• **Exercise prompt**:
Please repeat only the lines below starting at the line that holds "Hola, 1143. Agapanthia" and ending at the line that holds "为提升我校国家自然科学基金申", exactly, with both of those lines included and every picture omitted.

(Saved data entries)

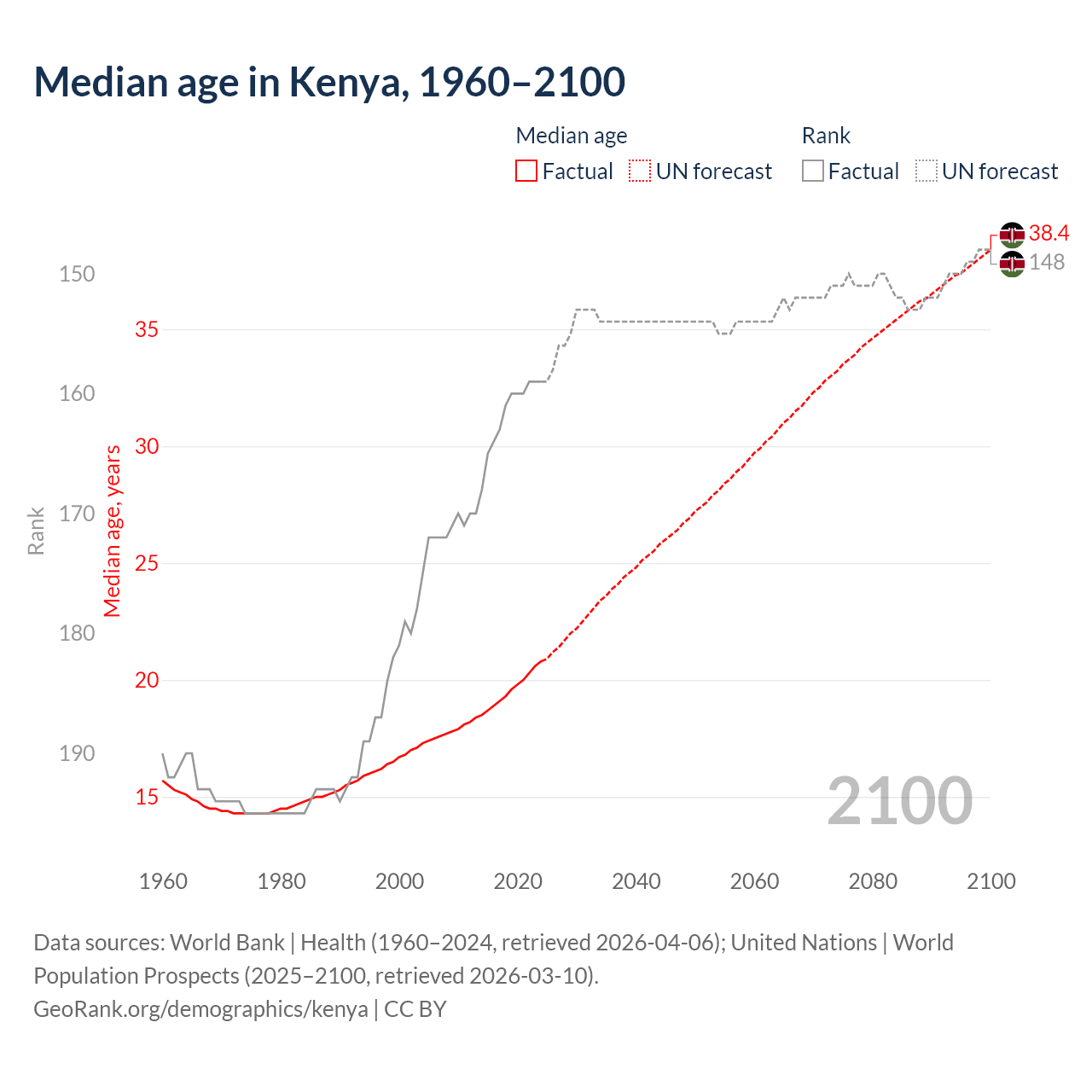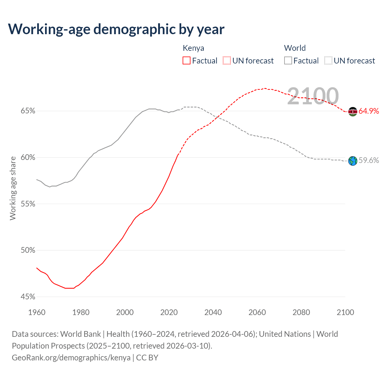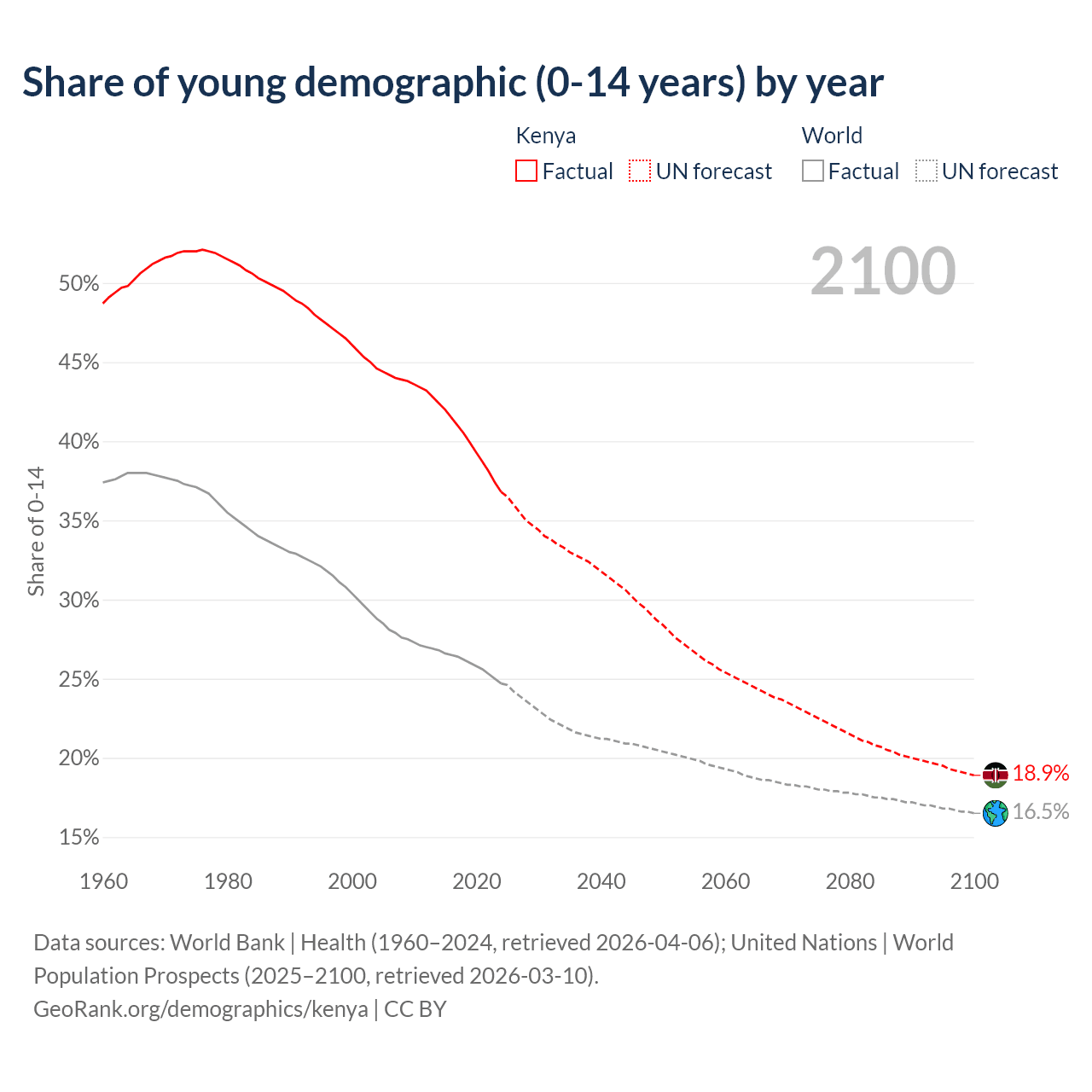 With a population of 56.4M people, Kenya has a median age of 20.8 years which makes it the 159/196 oldest country. 36.8% of the demographic are children 0-14 years old, 60.2% are working-age people aged 15-64, and 2.97% are older population aged 65+ years.
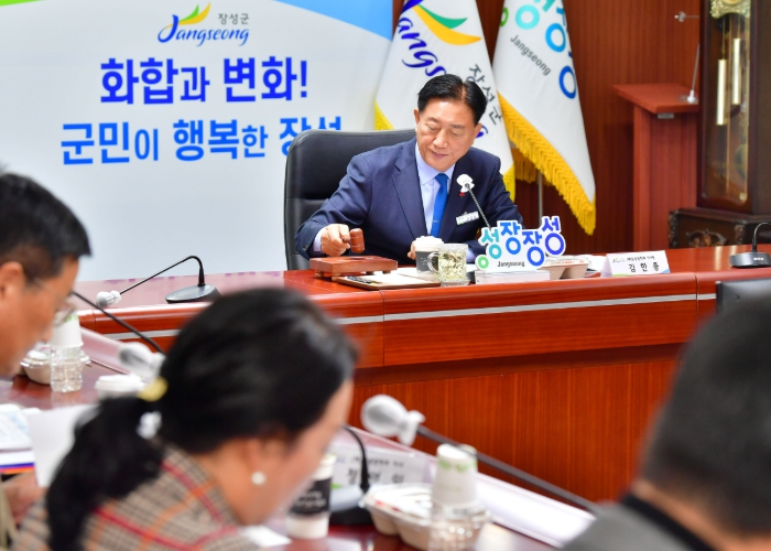 | ▲ (재)장성장학회 제2회 정기이사회를 주재 중인 김한종 이사장. 장성군 제공 |
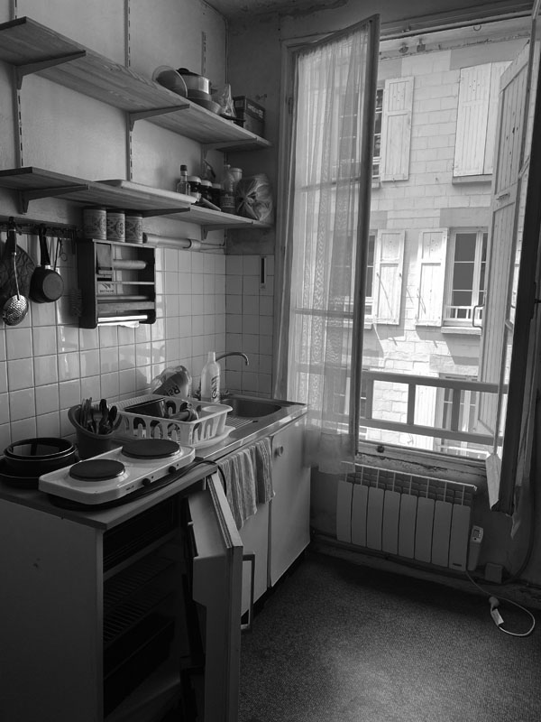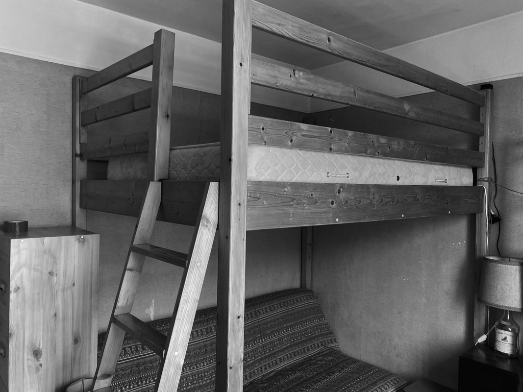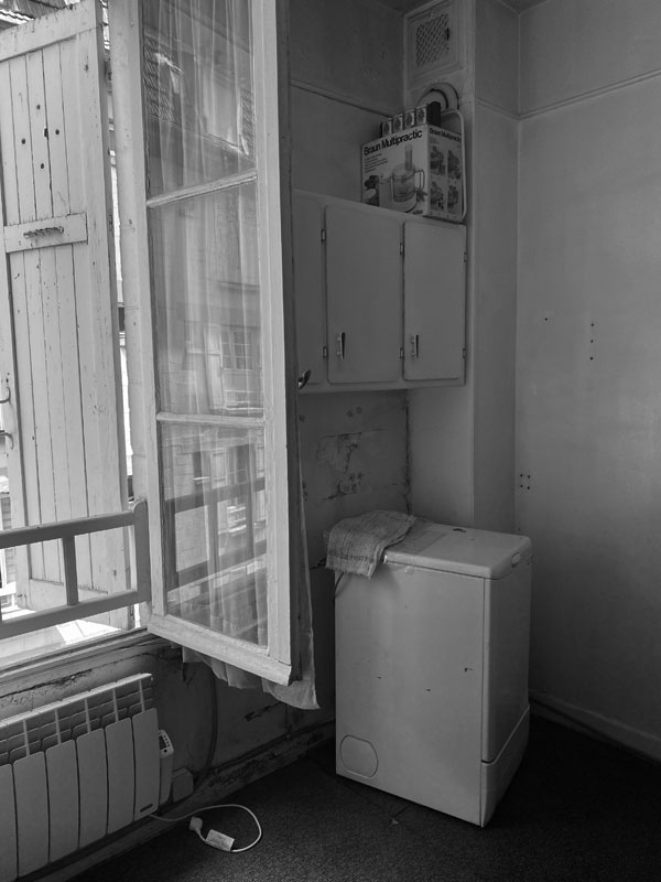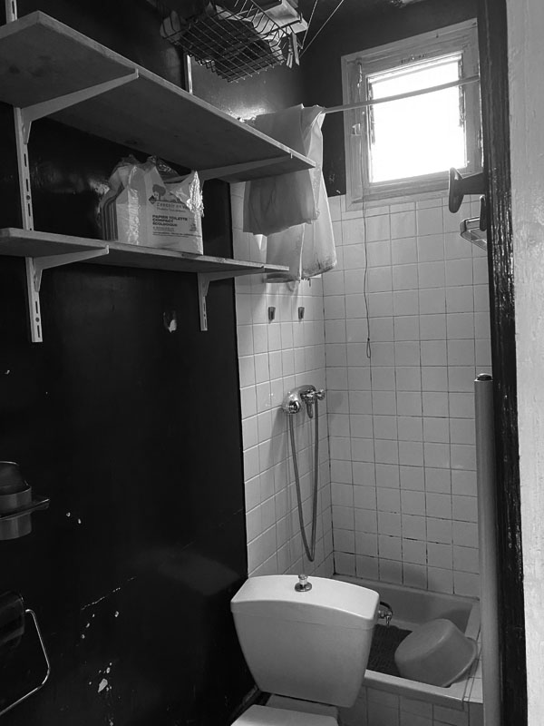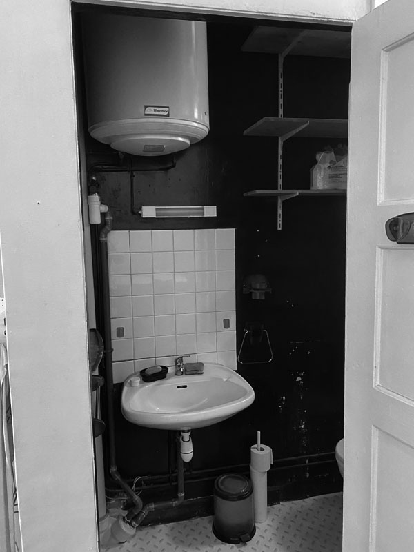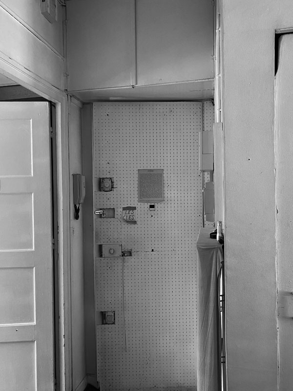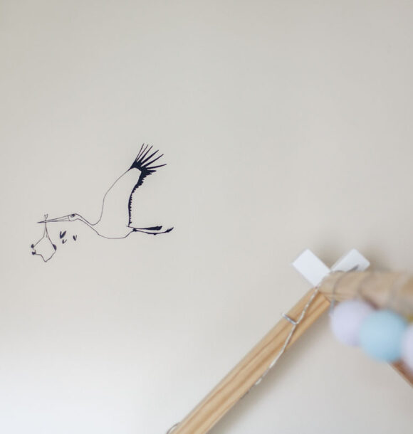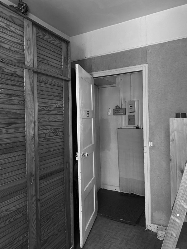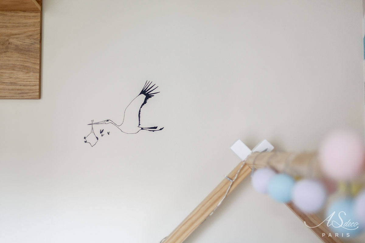 Notre choix de mobilier s’est porté sur des éléments au style raffiné et quelque peu art déco. Le papier-peint irisé de l’entrée associé à l’interrupteur vintage doré a donné le ton dès l’entrée dans la maison. Nous avons ensuite sélectionné une peinture bleue nuit pour mettre en valeur la cheminée, faisant ressortir le miroir et les étagères finition bois de part et d’autre.
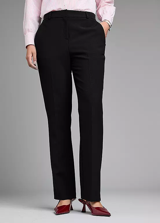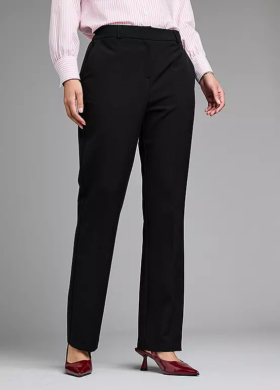 We have improved the fit and fabric of our best selling straight leg trouser to make these even better! With side back elastic for discreet added comfort all day long our straight leg trouser is a must have for all year round! This flattering style will ensure you look elegant on any occasion. Perfect to wear to the office or dress down for a more casual weekend look. Featuring a flat waistband to the front and elastic at the side for added comfort and no gaping. Front fly fastening and two handy side pockets. Pressed creased to the front and back.
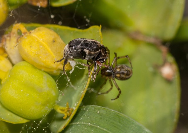 Hola, 1143. Agapanthia cardui y este coleoptero y aprobechando la araña?: 1144. Bruchidius sp. id. Isidro. 1145. Anelosimus o Kochiura id. isidro. Saludos!
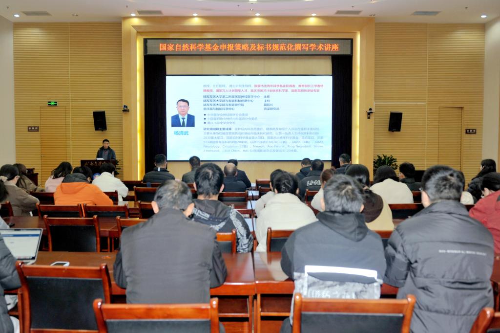 为提升我校国家自然科学基金申报质量,日前,学校特邀陆军军医大学第二附属医院杨清武教授来校,作“国家自然科学基金申报策略及标书规范化撰写”专题讲座。学校党委常委、副校长张涛出席讲座。各学院、附属医院科研骨干及青年教师踊跃参加。
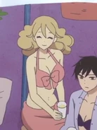 Though one can't tell just by looking at her smiling face, Umi gets jealous when other girls get too close to her famous husband outside of a film shooting. When the female students mobbed Kousuke at school, Umi sent them running by warning that not returning to class at once would result in the chairwoman making them repeat a year.[2] While she does trust him not to be unfaithful, Umi can't help but "joke" that she would kill Kosuke if he kissed other women outside of work.[3]
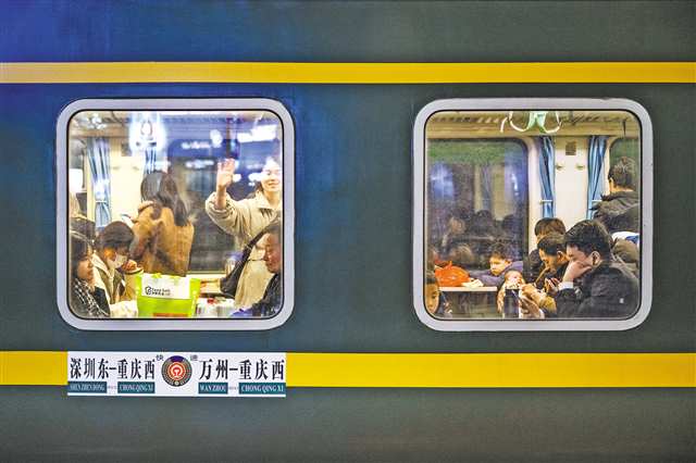 1月14日,重庆西站,K4734次列车上的旅客挥手告别。(资料图片)记者 张春晓 摄\视觉重庆

• **Response**:
 Hola, 1143. Agapanthia cardui y este coleoptero y aprobechando la araña?: 1144. Bruchidius sp. id. Isidro. 1145. Anelosimus o Kochiura id. isidro. Saludos!
 为提升我校国家自然科学基金申报质量,日前,学校特邀陆军军医大学第二附属医院杨清武教授来校,作“国家自然科学基金申报策略及标书规范化撰写”专题讲座。学校党委常委、副校长张涛出席讲座。各学院、附属医院科研骨干及青年教师踊跃参加。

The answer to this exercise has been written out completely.